_TASK PROMPT:_
Print out the data exactly, keeping every image out of it.

_THE DATA:_

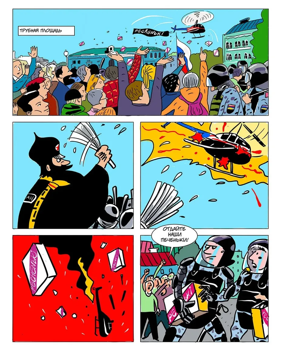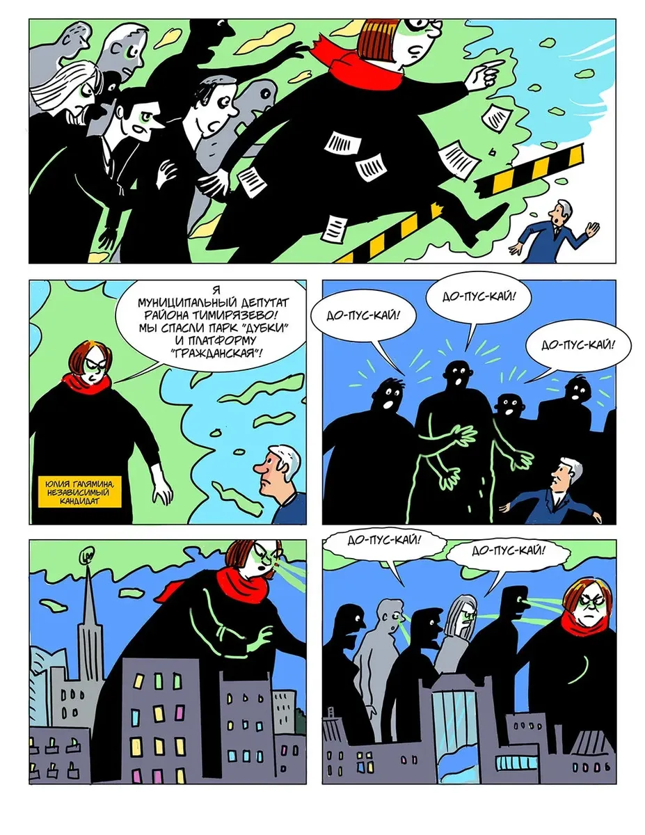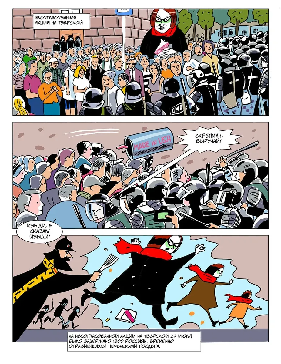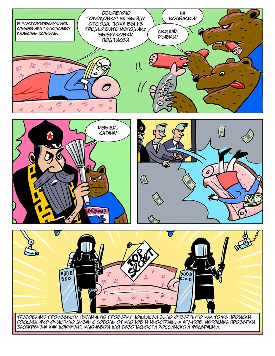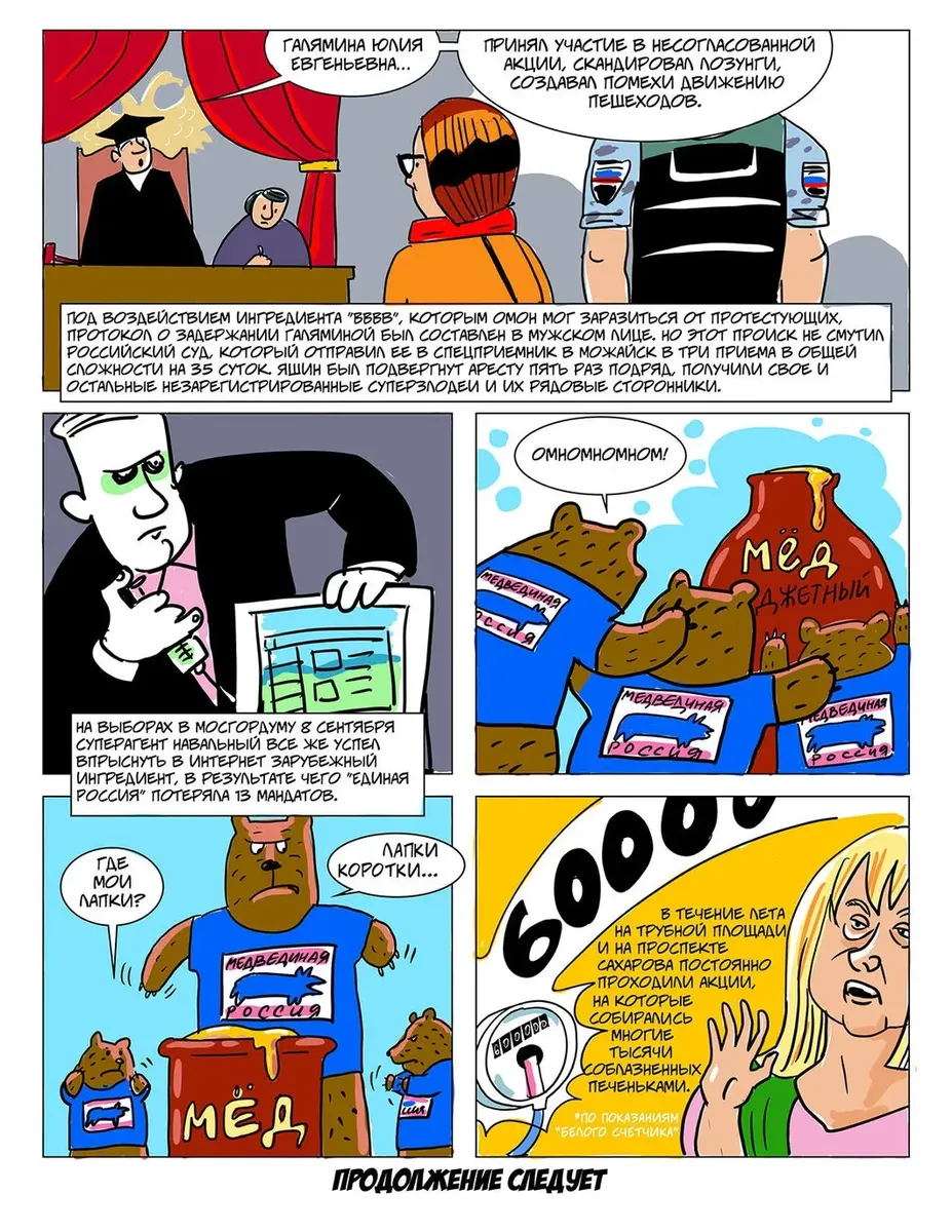 С прошлого мая, когда вышел последний судебный комикс, обстановка угрожающе изменилась. Отечество в опасности! Неоперившаяся молодежь, подстрекаемая Госдепом и западными фондами, тут и там замышляет массовые беспорядки, грозящие перерасти в «майдан»: в столице рвались к власти незарегистрированные кандидаты в Мосгордуму, несанкционированные митинги вытоптали цветы возле администрации президента, в Ингушетии избили росгвардейцев, в Санкт-Петербурге и Перми ужасная «Сеть» разливает «коктейли Молотова», жители Архангельской области создали в Шиесе коммуну с целью завалить отходами Москву, журналистка Светлана Прокопьева из Пскова пропагандирует терроризм, подверженные контактам с Западом физики и химики продают иностранным разведкам военные секреты, страшные «Новое величие» и сайт в Ростове создают тайные общества с целью свержения законной власти — всех угроз не перечесть.
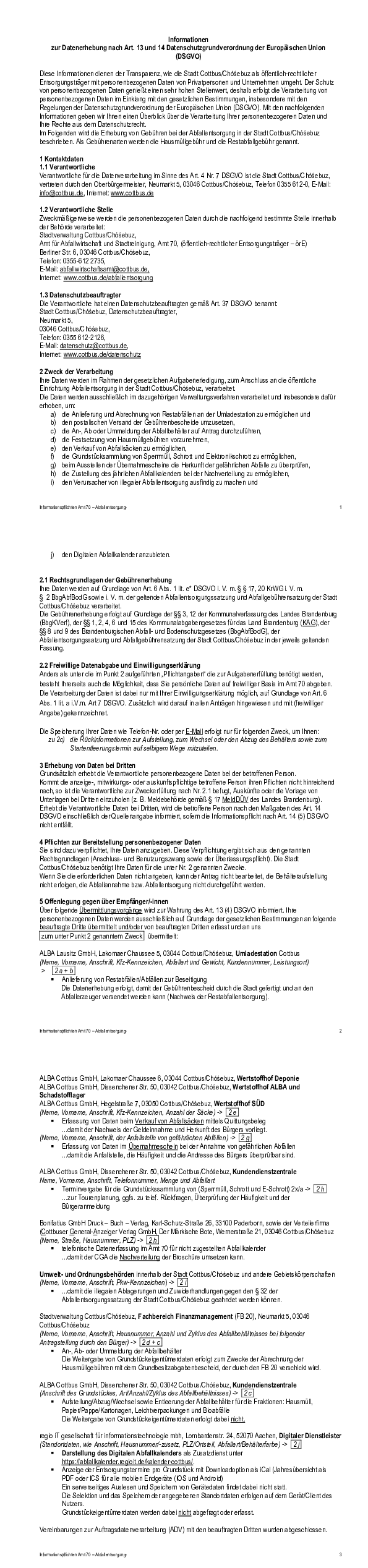 Diese Informationen dienen der Transparenz, wie die Stadt Cottbus/Chóśebuz als öffentlich-rechtlicher Entsorgungsträger mit personenbezogenen Daten von Privatpersonen und Unternehmen umgeht.
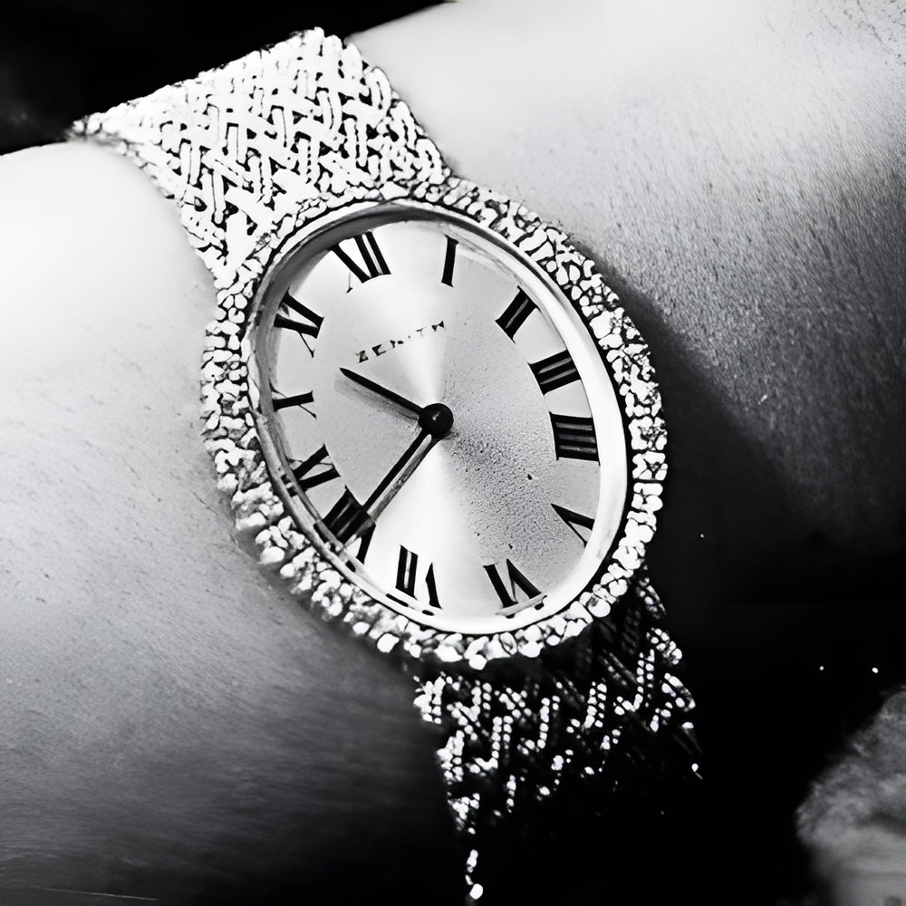 All the ingredients of today’s styling highlights - the “Belie Epoque” style large oval case, Roman numerals on the dial and wide, flexible bracelet. In 18 ct. grey gold. Brilliants set on the case underline its graceful oval lines. (ZENITH)
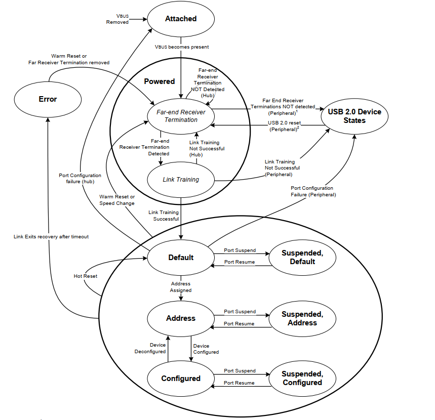 USB3.2超高速定义了7种设备状态,比以往多了一个错误状态。

_RESULT OF THE TASK:_
 С прошлого мая, когда вышел последний судебный комикс, обстановка угрожающе изменилась. Отечество в опасности! Неоперившаяся молодежь, подстрекаемая Госдепом и западными фондами, тут и там замышляет массовые беспорядки, грозящие перерасти в «майдан»: в столице рвались к власти незарегистрированные кандидаты в Мосгордуму, несанкционированные митинги вытоптали цветы возле администрации президента, в Ингушетии избили росгвардейцев, в Санкт-Петербурге и Перми ужасная «Сеть» разливает «коктейли Молотова», жители Архангельской области создали в Шиесе коммуну с целью завалить отходами Москву, журналистка Светлана Прокопьева из Пскова пропагандирует терроризм, подверженные контактам с Западом физики и химики продают иностранным разведкам военные секреты, страшные «Новое величие» и сайт в Ростове создают тайные общества с целью свержения законной власти — всех угроз не перечесть.
 Diese Informationen dienen der Transparenz, wie die Stadt Cottbus/Chóśebuz als öffentlich-rechtlicher Entsorgungsträger mit personenbezogenen Daten von Privatpersonen und Unternehmen umgeht.
 All the ingredients of today’s styling highlights - the “Belie Epoque” style large oval case, Roman numerals on the dial and wide, flexible bracelet. In 18 ct. grey gold. Brilliants set on the case underline its graceful oval lines. (ZENITH)
 USB3.2超高速定义了7种设备状态,比以往多了一个错误状态。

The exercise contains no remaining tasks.